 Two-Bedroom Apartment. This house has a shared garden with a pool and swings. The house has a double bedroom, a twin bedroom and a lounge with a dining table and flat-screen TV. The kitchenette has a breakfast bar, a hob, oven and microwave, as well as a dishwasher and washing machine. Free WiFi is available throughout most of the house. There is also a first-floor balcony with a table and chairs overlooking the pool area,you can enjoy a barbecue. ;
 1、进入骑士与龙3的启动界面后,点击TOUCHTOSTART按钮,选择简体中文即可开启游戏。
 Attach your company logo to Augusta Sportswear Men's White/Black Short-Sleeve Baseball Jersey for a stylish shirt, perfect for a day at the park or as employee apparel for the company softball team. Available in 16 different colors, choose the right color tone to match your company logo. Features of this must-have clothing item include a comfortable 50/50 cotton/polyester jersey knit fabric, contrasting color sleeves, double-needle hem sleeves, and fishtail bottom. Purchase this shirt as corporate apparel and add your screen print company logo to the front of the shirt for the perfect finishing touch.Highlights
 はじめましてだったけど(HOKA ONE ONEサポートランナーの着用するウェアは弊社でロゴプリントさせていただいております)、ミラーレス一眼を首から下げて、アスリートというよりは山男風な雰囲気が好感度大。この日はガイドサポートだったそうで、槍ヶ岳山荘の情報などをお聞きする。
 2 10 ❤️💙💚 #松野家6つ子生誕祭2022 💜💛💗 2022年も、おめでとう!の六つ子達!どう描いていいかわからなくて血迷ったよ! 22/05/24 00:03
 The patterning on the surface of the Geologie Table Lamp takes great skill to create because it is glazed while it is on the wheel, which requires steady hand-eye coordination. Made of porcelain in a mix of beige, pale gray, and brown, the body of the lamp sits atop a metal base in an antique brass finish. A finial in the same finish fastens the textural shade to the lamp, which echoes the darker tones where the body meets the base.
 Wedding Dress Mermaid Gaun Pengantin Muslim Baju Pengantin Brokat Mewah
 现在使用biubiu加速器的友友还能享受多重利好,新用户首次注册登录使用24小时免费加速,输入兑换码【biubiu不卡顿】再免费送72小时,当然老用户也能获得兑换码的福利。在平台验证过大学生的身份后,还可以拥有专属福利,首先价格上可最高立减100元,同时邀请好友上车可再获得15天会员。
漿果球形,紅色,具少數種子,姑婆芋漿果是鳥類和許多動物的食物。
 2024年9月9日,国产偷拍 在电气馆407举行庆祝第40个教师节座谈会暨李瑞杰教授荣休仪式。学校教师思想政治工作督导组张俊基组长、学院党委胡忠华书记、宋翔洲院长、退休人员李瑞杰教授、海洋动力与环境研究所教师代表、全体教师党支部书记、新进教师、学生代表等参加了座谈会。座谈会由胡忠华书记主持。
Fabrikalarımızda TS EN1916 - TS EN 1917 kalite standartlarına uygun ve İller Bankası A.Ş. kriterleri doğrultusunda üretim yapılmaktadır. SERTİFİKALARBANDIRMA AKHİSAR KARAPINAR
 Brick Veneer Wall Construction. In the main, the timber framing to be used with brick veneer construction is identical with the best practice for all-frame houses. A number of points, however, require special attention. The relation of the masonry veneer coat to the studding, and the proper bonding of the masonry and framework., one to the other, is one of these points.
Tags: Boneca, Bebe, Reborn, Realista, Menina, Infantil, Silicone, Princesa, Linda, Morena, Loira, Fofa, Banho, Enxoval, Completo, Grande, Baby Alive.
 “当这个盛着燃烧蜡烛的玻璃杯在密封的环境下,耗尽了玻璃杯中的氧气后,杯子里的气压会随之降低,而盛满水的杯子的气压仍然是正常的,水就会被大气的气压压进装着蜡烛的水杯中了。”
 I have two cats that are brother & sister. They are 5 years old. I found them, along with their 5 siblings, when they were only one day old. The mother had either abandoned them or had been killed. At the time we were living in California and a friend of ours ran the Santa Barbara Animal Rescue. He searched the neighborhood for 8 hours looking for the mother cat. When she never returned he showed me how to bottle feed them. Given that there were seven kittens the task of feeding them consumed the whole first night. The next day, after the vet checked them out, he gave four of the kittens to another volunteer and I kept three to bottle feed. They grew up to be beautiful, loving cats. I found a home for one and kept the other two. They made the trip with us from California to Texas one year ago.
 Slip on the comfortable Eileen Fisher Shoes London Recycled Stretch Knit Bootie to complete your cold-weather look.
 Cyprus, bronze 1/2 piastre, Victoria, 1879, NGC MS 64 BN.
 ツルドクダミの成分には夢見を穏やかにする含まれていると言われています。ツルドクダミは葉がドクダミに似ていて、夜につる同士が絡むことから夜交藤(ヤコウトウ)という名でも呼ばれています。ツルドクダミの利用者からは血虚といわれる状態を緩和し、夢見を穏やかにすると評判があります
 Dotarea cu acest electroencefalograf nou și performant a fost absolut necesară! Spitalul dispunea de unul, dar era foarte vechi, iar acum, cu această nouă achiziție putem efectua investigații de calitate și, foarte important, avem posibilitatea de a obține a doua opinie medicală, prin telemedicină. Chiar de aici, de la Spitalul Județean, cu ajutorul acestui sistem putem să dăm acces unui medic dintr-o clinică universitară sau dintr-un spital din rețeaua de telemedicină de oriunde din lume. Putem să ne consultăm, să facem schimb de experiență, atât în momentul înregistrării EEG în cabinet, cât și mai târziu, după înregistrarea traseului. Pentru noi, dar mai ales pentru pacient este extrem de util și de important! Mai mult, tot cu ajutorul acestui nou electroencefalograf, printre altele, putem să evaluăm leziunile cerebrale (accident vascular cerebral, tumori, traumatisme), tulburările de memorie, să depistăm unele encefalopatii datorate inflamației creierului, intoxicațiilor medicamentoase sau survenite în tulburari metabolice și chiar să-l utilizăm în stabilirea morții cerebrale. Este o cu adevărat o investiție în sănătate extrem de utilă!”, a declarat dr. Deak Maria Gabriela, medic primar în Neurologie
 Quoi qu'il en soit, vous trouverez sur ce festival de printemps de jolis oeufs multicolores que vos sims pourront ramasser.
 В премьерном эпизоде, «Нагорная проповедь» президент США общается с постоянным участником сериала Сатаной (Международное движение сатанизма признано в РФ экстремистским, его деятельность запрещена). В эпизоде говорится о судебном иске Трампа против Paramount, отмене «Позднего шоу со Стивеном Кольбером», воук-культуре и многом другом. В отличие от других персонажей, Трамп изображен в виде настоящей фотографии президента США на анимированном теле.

________________________

To do:
Write out, unaltered, the lines from the opening of the listing through the line that includes "2 10 ❤️💙💚 #松野家6つ子生誕祭2022".

Solution to this problem:
 Two-Bedroom Apartment. This house has a shared garden with a pool and swings. The house has a double bedroom, a twin bedroom and a lounge with a dining table and flat-screen TV. The kitchenette has a breakfast bar, a hob, oven and microwave, as well as a dishwasher and washing machine. Free WiFi is available throughout most of the house. There is also a first-floor balcony with a table and chairs overlooking the pool area,you can enjoy a barbecue. ;
 1、进入骑士与龙3的启动界面后,点击TOUCHTOSTART按钮,选择简体中文即可开启游戏。
 Attach your company logo to Augusta Sportswear Men's White/Black Short-Sleeve Baseball Jersey for a stylish shirt, perfect for a day at the park or as employee apparel for the company softball team. Available in 16 different colors, choose the right color tone to match your company logo. Features of this must-have clothing item include a comfortable 50/50 cotton/polyester jersey knit fabric, contrasting color sleeves, double-needle hem sleeves, and fishtail bottom. Purchase this shirt as corporate apparel and add your screen print company logo to the front of the shirt for the perfect finishing touch.Highlights
 はじめましてだったけど(HOKA ONE ONEサポートランナーの着用するウェアは弊社でロゴプリントさせていただいております)、ミラーレス一眼を首から下げて、アスリートというよりは山男風な雰囲気が好感度大。この日はガイドサポートだったそうで、槍ヶ岳山荘の情報などをお聞きする。
 2 10 ❤️💙💚 #松野家6つ子生誕祭2022 💜💛💗 2022年も、おめでとう!の六つ子達!どう描いていいかわからなくて血迷ったよ! 22/05/24 00:03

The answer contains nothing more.